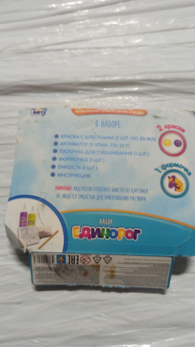 Набор 1 Toy AQUA ART Единорог, 1 формочка, 2 краски c блёстками по 50 мл. Уцененный товар
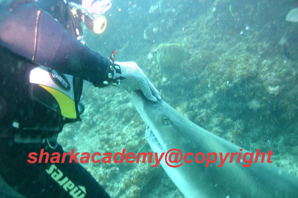 Scendiamo a -20 circa, in una sorta di anfiteatro naturale su un fondale sabbioso. Qui, stando accucciati sul fondo, la corrente si limita ad una forte risacca che risulta però molto fastidiosa, specialmente se si devono fare delle riprese. In una piccola caverna troviamo il primo raggie: una femmina di due metri che si muove, come tutti gli squali toro, con una lentezza disarmante e che non sembra per nulla infastidita dalla nostra presenza. I suoi occhietti minuscoli mi scrutano mentre cerco di inquadrarla nell’obbiettivo della videocamera e non posso fare a meno di notare la sua caratteristica espressione “cattiva” fatta di denti lunghi, aguzzi e portati fuori dalla bocca in un ghigno sinistro. I raggie, però, nonostante il loro aspetto, se non molestati, non sono aggressivi e lo so bene. Riccardo, il capo spedizione, è pronto a marcare il primo squalo che gli capiti a tiro, così prendo in consegna la sua Canon EOS scafandrata Nimar e cedo la cinepresa a Walter. I minuti scorrono veloci e assisto, attraverso l’obbiettivo della macchina fotografica, al carosello di squali toro che avvicinano cautamente la sardina che Riccardo stringe nella mano protetta da un guanto di acciaio, per poi far scattare fulmineamente le mascelle nel tentativo di agguantarla. E’ invece Riccardo ad agguantare la loro pinna dorsale nella quale conficca la punta di acciaio della pistola marcatrice per inserirvi il TAG.
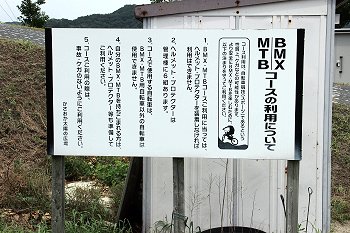 スタート・ゴール付近までヤッて来ましたら、『BMX・MTBコースの利用について』の案内板が…
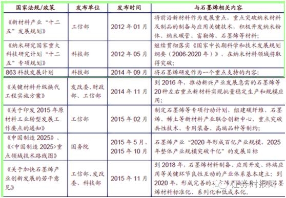 《中国制造2025》明确了石墨烯发展目标,文件指出到2020年“规模制备及电化学储能、印刷电子、航空航天用轻质高强复合材料、海洋工程防腐等应用领域的技术水平达国际领先,大幅提升相关产品性能,形成百亿元产业规模。到2025 年突破石墨烯在电子信息领域应用的技术瓶颈,整体产业规模突破千亿。”
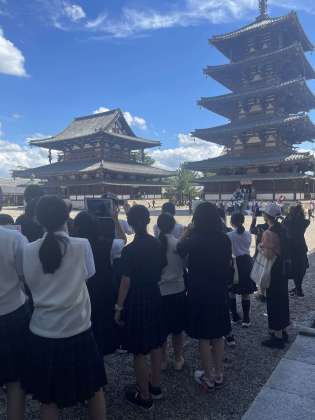 法隆寺に到着しました。ガイドさんのお話を聞きながら五重塔、金堂を見てまわります!
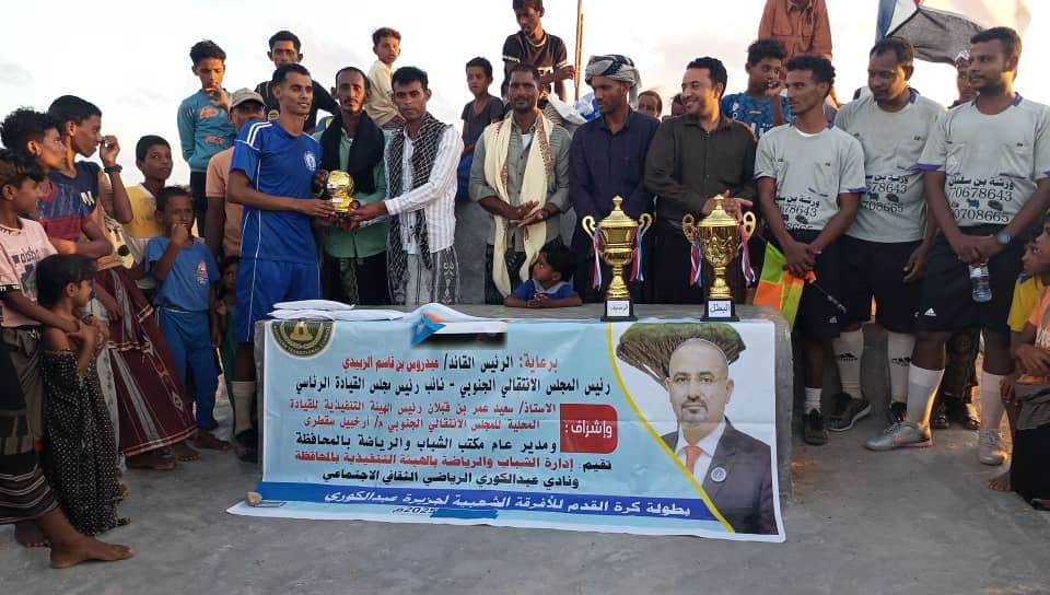 اختتمت إدارة الشباب والرياضة بالهيئة التنفيذية للقيادة المحلية للمجلس الانتقالي الجنوبي في محافظة سقطرى، اليوم الثلاثاء، منافسات بطولة الفرق الشعبية بجزيرة عبدالكوري، والتي أقيمت تحت إشراف دائرة الشباب والرياضة بالأمانة العامة لهيئة رئاسة المجلس الانتقالي.
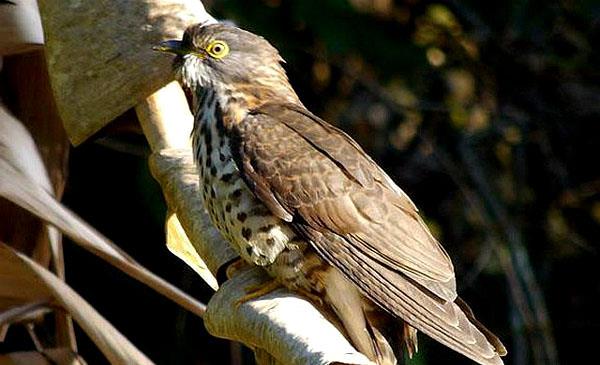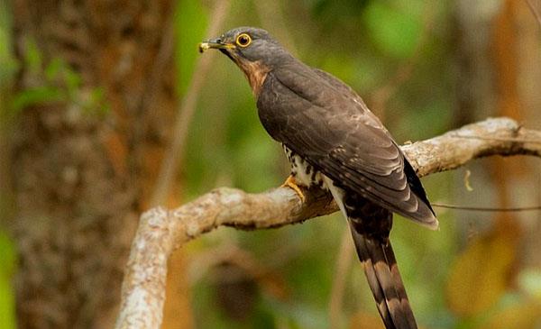 鷹鵑:別名子規(guī)_大鷹鵑_鷹頭杜鵑,為鵑形目、杜鵑科、鷹鵑屬鳥類,原產(chǎn)于亞洲南部、東南部,包括我國在內(nèi)的大部分國家均有分布。野生于海拔1600m以下的山林,冬天常遷移至平原地帶。隱蔽于樹木葉簇中鳴叫,白天或夜間都可聽到。1832年命名,共2個亞種。我國自遼寧以南經(jīng)秦嶺至四川及西藏南部為夏候鳥,在云南和海南為留鳥。鳴聲清脆響亮,為三音節(jié),聲似“貴貴-陽、貴貴一陽”。繁殖期間幾乎整天都能聽見它的叫聲。

----------

What you should do: Your reply must contain each entry exactly as written and no pictures.

Result for this exercise:
 Набор 1 Toy AQUA ART Единорог, 1 формочка, 2 краски c блёстками по 50 мл. Уцененный товар
 Scendiamo a -20 circa, in una sorta di anfiteatro naturale su un fondale sabbioso. Qui, stando accucciati sul fondo, la corrente si limita ad una forte risacca che risulta però molto fastidiosa, specialmente se si devono fare delle riprese. In una piccola caverna troviamo il primo raggie: una femmina di due metri che si muove, come tutti gli squali toro, con una lentezza disarmante e che non sembra per nulla infastidita dalla nostra presenza. I suoi occhietti minuscoli mi scrutano mentre cerco di inquadrarla nell’obbiettivo della videocamera e non posso fare a meno di notare la sua caratteristica espressione “cattiva” fatta di denti lunghi, aguzzi e portati fuori dalla bocca in un ghigno sinistro. I raggie, però, nonostante il loro aspetto, se non molestati, non sono aggressivi e lo so bene. Riccardo, il capo spedizione, è pronto a marcare il primo squalo che gli capiti a tiro, così prendo in consegna la sua Canon EOS scafandrata Nimar e cedo la cinepresa a Walter. I minuti scorrono veloci e assisto, attraverso l’obbiettivo della macchina fotografica, al carosello di squali toro che avvicinano cautamente la sardina che Riccardo stringe nella mano protetta da un guanto di acciaio, per poi far scattare fulmineamente le mascelle nel tentativo di agguantarla. E’ invece Riccardo ad agguantare la loro pinna dorsale nella quale conficca la punta di acciaio della pistola marcatrice per inserirvi il TAG.
 スタート・ゴール付近までヤッて来ましたら、『BMX・MTBコースの利用について』の案内板が…
 《中国制造2025》明确了石墨烯发展目标,文件指出到2020年“规模制备及电化学储能、印刷电子、航空航天用轻质高强复合材料、海洋工程防腐等应用领域的技术水平达国际领先,大幅提升相关产品性能,形成百亿元产业规模。到2025 年突破石墨烯在电子信息领域应用的技术瓶颈,整体产业规模突破千亿。”
 法隆寺に到着しました。ガイドさんのお話を聞きながら五重塔、金堂を見てまわります!
 اختتمت إدارة الشباب والرياضة بالهيئة التنفيذية للقيادة المحلية للمجلس الانتقالي الجنوبي في محافظة سقطرى، اليوم الثلاثاء، منافسات بطولة الفرق الشعبية بجزيرة عبدالكوري، والتي أقيمت تحت إشراف دائرة الشباب والرياضة بالأمانة العامة لهيئة رئاسة المجلس الانتقالي.
 鷹鵑:別名子規(guī)_大鷹鵑_鷹頭杜鵑,為鵑形目、杜鵑科、鷹鵑屬鳥類,原產(chǎn)于亞洲南部、東南部,包括我國在內(nèi)的大部分國家均有分布。野生于海拔1600m以下的山林,冬天常遷移至平原地帶。隱蔽于樹木葉簇中鳴叫,白天或夜間都可聽到。1832年命名,共2個亞種。我國自遼寧以南經(jīng)秦嶺至四川及西藏南部為夏候鳥,在云南和海南為留鳥。鳴聲清脆響亮,為三音節(jié),聲似“貴貴-陽、貴貴一陽”。繁殖期間幾乎整天都能聽見它的叫聲。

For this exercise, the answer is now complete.